Thread 1 last branch register state not available.

It's looking like it crashes when I call any route that has an async handler. I'll experiment with that theory more in the morning.

You're correct, the stack trace makes it clear this is crashing while doing the setup work to call an async handler.

I did a bit of investigation, and unfortunately the answer is this can't work due to Apple failing to fully back port Swift concurrency. See this Apple Developer Forums discussion. As a result of this, I'll improve the documentation for SecureXPC, but only Apple can actually fix the issue.

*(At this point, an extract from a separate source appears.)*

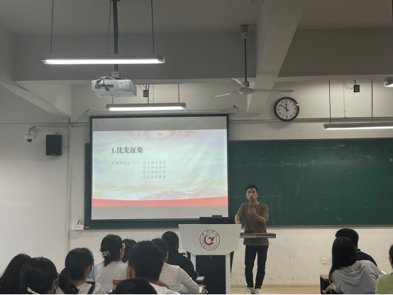 李磊圍繞就業(yè)工作機制建設(shè)、暢通就業(yè)渠道和重點群體就業(yè)幫扶等方面解讀了學(xué)院2024屆畢業(yè)生就業(yè)工作實施方案。張軻從應(yīng)征要求、入伍政策和退伍待遇三個方面就目前安徽省大學(xué)生征兵工作18項政策進(jìn)行了詳細(xì)宣講。陳太龍分享了自己在部隊的軍旅生活并講解了入伍對于學(xué)生的未來發(fā)展的積極影響。余鵬指出實習(xí)是學(xué)校人才培養(yǎng)的一個重要環(huán)節(jié),是教學(xué)計劃中綜合性實踐教學(xué)的一部分,是對學(xué)生所學(xué)知識和技能進(jìn)行實踐的檢驗。他要求同學(xué)們要擺正實習(xí)心態(tài),迅速完成角色轉(zhuǎn)換,遵守相關(guān)實行規(guī)定。

The bottom line is whether or not your helper tool installed with SMJobBless uses SecureXPC, it can't use Swift concurrency on Catalina and Big Sur.

Here's what's going on:

  • Tools installed with SMJobBless must be command line tools, not app bundles
  • macOS Monterey has native support for Swift concurrency
  • macOS Catalina and Big Sur support Swift concurrency by having Xcode automatically add libswift_Concurrency.dylib as a framework to any app bundles targeting Catalina or Big Sur as their minimum version
  • Xcode doesn't (nor do I believe it could) add libswift_Concurrency.dylib as a framework for command line tools
  • When a command line tool tries to use Swift concurrency on Catalina or Big Sur, it crashes

The reason none of the testing caught this is async routes can be used on Catalina and Big Sur, but not from a command line tool. They work fine in XPC services, as anonymous servers inside of apps, in login items, etc. which are all app bundles. (All of the automated testing uses anonymous servers which run inside of Xcode's test harness.)

Wow, that makes sense. Thanks so much for your analysis — I really appreciate your time digging into it.

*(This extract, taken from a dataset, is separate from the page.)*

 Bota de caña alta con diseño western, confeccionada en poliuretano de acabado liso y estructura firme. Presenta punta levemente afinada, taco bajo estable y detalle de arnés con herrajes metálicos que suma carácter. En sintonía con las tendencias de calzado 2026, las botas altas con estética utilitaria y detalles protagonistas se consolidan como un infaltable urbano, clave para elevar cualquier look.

I did notice the bundled libswift_Concurrency.dylib in my app, and wondered how the helper handled that but put it down to lack of knowledge on my part :) I still don't quite understand why the helper tool can't have a dependency on libswift_Concurrency.dylib — I guess it's just a dylib path problem (ie where could it find this dylib?)

I'll just go through and convert my async handlers to use callbacks.

ps crikey, do you ever sleep? 🤪

I still don't quite understand why the helper tool can't have a dependency on libswift_Concurrency.dylib — I guess it's just a dylib path problem (ie where could it find this dylib?)

The helper tool once installed by SMJobBless is copied from your app bundle to /Library/PrivilegedHelperTools/. Once it's been relocated, there's no way for it to reference the libswift_Concurrency.dylib in your app bundle as it doesn't know about the app it was copied from. I find the overall design of SMJobBless questionable, but unfortunately it's the only supported way Apple provides to generically run as root.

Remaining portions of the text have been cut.